__BRIEF__:
Check every line of the data below for the string "para", and copy the ones that hold it.

Top of SOURCE RECORDS

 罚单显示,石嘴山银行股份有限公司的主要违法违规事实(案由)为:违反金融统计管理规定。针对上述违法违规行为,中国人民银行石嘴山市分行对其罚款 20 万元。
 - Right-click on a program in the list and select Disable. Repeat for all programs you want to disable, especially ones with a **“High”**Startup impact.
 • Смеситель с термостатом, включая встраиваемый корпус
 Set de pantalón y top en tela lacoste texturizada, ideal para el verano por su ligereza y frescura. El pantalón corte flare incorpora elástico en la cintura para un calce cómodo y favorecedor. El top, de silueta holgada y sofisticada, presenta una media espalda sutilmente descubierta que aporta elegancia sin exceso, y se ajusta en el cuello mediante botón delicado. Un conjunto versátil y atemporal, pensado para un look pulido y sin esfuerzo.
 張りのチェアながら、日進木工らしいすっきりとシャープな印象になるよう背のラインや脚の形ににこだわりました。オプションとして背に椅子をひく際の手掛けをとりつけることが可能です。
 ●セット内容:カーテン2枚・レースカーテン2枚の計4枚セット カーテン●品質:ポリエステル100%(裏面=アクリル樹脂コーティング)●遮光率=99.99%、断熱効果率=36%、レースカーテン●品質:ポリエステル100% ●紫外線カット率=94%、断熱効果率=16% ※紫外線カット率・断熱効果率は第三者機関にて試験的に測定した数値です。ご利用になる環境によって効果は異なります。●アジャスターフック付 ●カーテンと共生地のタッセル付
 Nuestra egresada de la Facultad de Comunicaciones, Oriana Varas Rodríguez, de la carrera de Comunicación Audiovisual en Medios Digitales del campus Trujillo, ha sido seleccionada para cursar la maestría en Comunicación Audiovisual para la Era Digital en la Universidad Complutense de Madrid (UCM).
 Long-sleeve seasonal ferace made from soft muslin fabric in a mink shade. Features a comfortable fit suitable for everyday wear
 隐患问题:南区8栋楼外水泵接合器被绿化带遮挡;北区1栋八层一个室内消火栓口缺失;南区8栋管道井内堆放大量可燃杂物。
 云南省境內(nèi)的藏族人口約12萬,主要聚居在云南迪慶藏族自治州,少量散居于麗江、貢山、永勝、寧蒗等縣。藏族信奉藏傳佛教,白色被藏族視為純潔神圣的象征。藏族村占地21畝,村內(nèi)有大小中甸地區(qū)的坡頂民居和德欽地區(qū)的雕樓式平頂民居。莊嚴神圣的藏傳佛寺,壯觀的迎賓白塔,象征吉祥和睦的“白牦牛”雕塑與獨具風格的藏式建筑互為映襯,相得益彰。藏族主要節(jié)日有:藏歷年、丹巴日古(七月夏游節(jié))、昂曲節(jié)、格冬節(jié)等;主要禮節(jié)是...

Bottom of SOURCE RECORDS

__RESPONSE BELOW__:
 Set de pantalón y top en tela lacoste texturizada, ideal para el verano por su ligereza y frescura. El pantalón corte flare incorpora elástico en la cintura para un calce cómodo y favorecedor. El top, de silueta holgada y sofisticada, presenta una media espalda sutilmente descubierta que aporta elegancia sin exceso, y se ajusta en el cuello mediante botón delicado. Un conjunto versátil y atemporal, pensado para un look pulido y sin esfuerzo.
 Nuestra egresada de la Facultad de Comunicaciones, Oriana Varas Rodríguez, de la carrera de Comunicación Audiovisual en Medios Digitales del campus Trujillo, ha sido seleccionada para cursar la maestría en Comunicación Audiovisual para la Era Digital en la Universidad Complutense de Madrid (UCM).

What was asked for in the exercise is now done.